Variables like id and host_id are int but they are actually categorical. So, they have to be converted to factor. We can drop one of the columns out of "host_id" and "name" for exploratory analysis as they only act as primary keys. "last_review" column has to be converted to date format to represent the true data format. All character columns like neighbourhood_group, neighbourhood, etc have to be converted to factor to get better insights on using summary. After this step, summary will give value counts for categorical variables and there will be `r ncol(stay_data)-1` columns.
```{r}
#| label: process
stay_data <- stay_data %>%
select(-name) %>%
mutate_if(is.character, as.factor) %>%
mutate(id = as.factor(id),
host_id = as.factor(host_id),
last_review = as.Date(last_review, format = "%Y-%m-%d"))
summary(stay_data)
```
Cleaned data has `r ncol(stay_data)` columns. Summary shows value counts of categorical variables. The class of "last_review" is `r class(stay_data$last_review)`.
Are there any variables that require mutation to be usable in your analysis stream? For example, do you need to calculate new values in order to graph them? Can string values be represented numerically? Do you need to turn any variables into factors and reorder for ease of graphics and visualization?
Adding percent column to "area_wise_stays" tibble that has been created above by grouping original data based on "neighbourhood_group" and "room_type".
```{r}
#| label: extract
(percent_rooms_in_area <- area_wise_stays %>%
group_by(neighbourhood_group) %>%
summarise(count = sum(count)) %>%
mutate(percent = count * 100 / sum(count),
id = LETTERS[row_number()]))
```
We have the percent distribution of rooms across New York as shown above and each row is tagged with a id.
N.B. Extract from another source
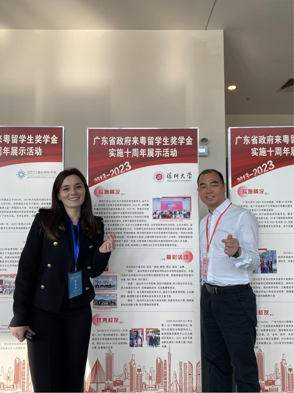 2023年12月28—29日,广东省政府来粤留学生奖学金实施十周年成果展及广东省高等教育学会外国留学生工作委员会2023年年会在汕头大学举行。我校国际交流学院院长潘燕春、国际交流学院辅导员张倩婷、留学生代表娜提亚(GUGUCHIA NATIA)参加展览并出席会议。
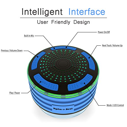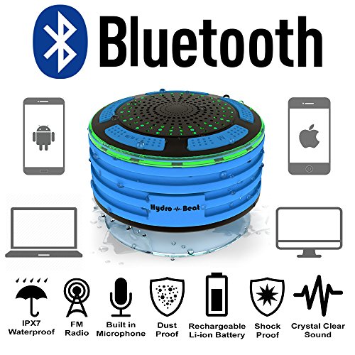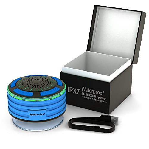 Shower Radios - Hydro-Beat Illumination. IPX7 portable fully Waterproof Bluetooth Speaker with built in FM Radio and LED mood lights. Rechargeable using micro USB. (Blue and Black)

## Univariate Visualizations
```{r}
#| label: univariate_plot
# pie chart of above room distribution data
ggplot(percent_rooms_in_area,
aes(x = "", y = percent,
fill = paste(id,' - ',neighbourhood_group,'(',round(percent,2),'%)'))) +
geom_bar(width = 10, stat = "identity", color = "black") +
geom_text(aes(x = 2.5, label = id),
position = position_stack(vjust=0.5),
color = "black") +
coord_polar("y", start = 0) +
theme_void() +
labs(title = "Stays in New York area",
fill = "Area")
# box plot for availability in 365
ggplot(stay_data, mapping = aes(y = availability_365, fill = "orange")) +
geom_boxplot() +
theme(axis.title.y = element_blank(),
axis.text.y = element_blank(),
axis.ticks.y = element_blank(),
legend.position = "none") +
coord_flip() +
labs(y = "Availability (Number of days in year)")
```
Pie chart has been chosen to show room distribution because "neighbourhood_group" is categorical variable. Box plot has been chosen to show availability of stays in New York as it is a quantitative variable and we can get some good statistical idea as well.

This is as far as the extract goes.